THE PROBLEM:
Take from the entries below the stretch from the line with "44'' x 24''" through the line with "Y26H耐高壓密封圓形電連接器", and return it exactly, leaving the pictures out.

TASK INPUT:

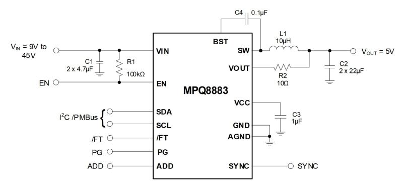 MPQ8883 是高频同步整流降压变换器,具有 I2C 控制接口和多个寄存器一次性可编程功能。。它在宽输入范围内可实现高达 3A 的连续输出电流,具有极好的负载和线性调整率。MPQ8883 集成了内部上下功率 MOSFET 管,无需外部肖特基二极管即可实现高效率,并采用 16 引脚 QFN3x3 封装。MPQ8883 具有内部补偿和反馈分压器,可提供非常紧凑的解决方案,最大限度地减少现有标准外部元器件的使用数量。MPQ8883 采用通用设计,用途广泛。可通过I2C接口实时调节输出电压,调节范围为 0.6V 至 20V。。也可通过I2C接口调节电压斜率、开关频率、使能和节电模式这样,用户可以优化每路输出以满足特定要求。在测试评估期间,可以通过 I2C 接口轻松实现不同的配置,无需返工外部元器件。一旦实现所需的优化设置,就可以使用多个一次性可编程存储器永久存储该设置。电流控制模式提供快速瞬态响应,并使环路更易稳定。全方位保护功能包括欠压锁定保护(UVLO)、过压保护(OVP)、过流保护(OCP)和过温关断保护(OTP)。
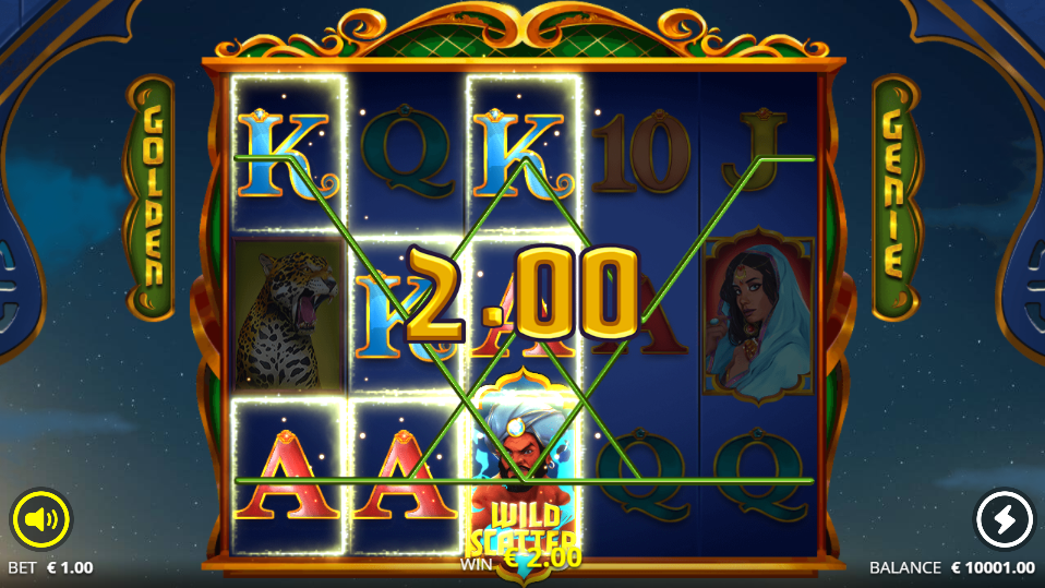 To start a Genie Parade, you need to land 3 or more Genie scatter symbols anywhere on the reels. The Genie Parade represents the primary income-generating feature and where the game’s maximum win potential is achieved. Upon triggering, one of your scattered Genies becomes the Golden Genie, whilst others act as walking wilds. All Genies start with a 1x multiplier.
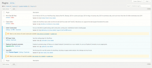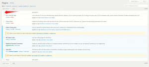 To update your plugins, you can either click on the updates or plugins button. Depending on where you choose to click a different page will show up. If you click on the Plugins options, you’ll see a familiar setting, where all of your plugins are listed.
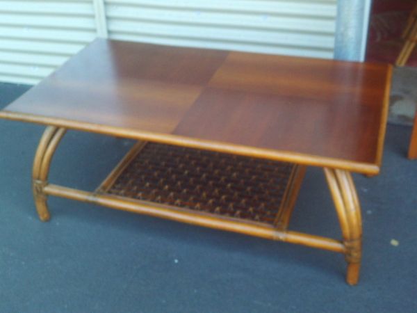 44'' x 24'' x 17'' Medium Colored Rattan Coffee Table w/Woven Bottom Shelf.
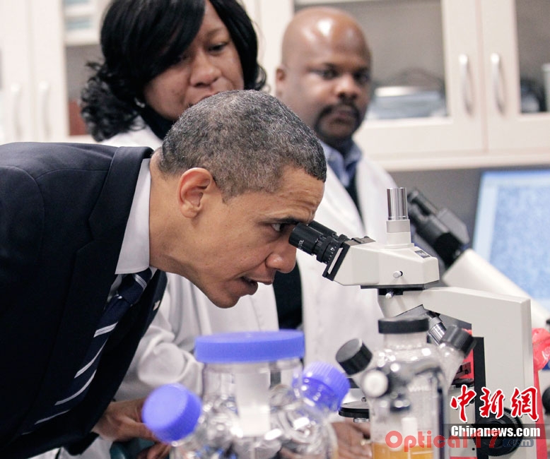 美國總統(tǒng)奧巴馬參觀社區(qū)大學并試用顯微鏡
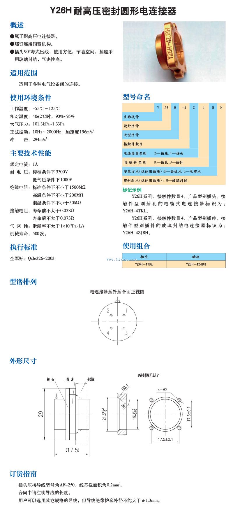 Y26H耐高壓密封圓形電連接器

--

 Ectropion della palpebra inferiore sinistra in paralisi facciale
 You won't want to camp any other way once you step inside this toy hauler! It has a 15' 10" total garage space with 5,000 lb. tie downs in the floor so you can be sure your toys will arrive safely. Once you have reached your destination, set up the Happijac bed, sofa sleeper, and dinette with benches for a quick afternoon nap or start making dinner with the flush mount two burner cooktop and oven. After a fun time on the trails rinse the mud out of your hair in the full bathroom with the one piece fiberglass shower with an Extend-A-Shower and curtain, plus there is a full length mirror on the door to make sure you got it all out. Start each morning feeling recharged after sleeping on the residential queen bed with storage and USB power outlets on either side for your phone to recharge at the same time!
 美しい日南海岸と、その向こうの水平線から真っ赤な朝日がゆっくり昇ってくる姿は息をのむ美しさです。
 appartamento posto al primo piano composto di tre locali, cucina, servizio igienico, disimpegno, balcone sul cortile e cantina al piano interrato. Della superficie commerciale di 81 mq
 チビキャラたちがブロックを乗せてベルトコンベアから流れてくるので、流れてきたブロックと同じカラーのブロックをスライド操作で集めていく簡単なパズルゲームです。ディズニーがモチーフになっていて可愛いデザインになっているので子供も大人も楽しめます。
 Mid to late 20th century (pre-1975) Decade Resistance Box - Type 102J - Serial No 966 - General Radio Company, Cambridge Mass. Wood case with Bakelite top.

* * *

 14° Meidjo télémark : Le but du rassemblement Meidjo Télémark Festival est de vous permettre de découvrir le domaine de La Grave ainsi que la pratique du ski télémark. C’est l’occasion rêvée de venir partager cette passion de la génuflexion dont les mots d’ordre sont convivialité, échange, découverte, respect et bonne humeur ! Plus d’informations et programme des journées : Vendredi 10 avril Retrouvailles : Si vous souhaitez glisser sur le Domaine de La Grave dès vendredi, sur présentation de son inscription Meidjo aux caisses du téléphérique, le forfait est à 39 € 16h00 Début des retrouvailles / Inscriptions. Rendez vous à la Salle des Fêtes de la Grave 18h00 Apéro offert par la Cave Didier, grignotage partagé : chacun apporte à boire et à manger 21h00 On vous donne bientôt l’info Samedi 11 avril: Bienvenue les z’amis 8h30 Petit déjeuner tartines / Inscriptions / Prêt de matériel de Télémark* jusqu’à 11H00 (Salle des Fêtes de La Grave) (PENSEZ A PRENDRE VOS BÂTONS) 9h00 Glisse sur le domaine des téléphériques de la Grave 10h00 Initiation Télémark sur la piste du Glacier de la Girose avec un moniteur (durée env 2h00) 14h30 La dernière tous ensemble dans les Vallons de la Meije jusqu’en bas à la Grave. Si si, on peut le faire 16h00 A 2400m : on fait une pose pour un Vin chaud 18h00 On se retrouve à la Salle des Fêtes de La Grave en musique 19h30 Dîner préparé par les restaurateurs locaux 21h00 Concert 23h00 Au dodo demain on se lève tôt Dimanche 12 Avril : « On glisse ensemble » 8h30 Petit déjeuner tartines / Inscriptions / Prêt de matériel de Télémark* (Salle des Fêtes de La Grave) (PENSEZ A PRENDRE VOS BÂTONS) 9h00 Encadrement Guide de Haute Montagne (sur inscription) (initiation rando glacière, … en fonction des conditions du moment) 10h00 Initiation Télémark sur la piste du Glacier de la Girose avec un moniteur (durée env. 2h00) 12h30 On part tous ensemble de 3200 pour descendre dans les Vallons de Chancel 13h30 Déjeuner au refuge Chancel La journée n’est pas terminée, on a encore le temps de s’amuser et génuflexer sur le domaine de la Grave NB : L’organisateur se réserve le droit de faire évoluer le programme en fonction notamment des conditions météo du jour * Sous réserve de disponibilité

RESULT OF THE EXERCISE:
 44'' x 24'' x 17'' Medium Colored Rattan Coffee Table w/Woven Bottom Shelf.
 美國總統(tǒng)奧巴馬參觀社區(qū)大學并試用顯微鏡
 Y26H耐高壓密封圓形電連接器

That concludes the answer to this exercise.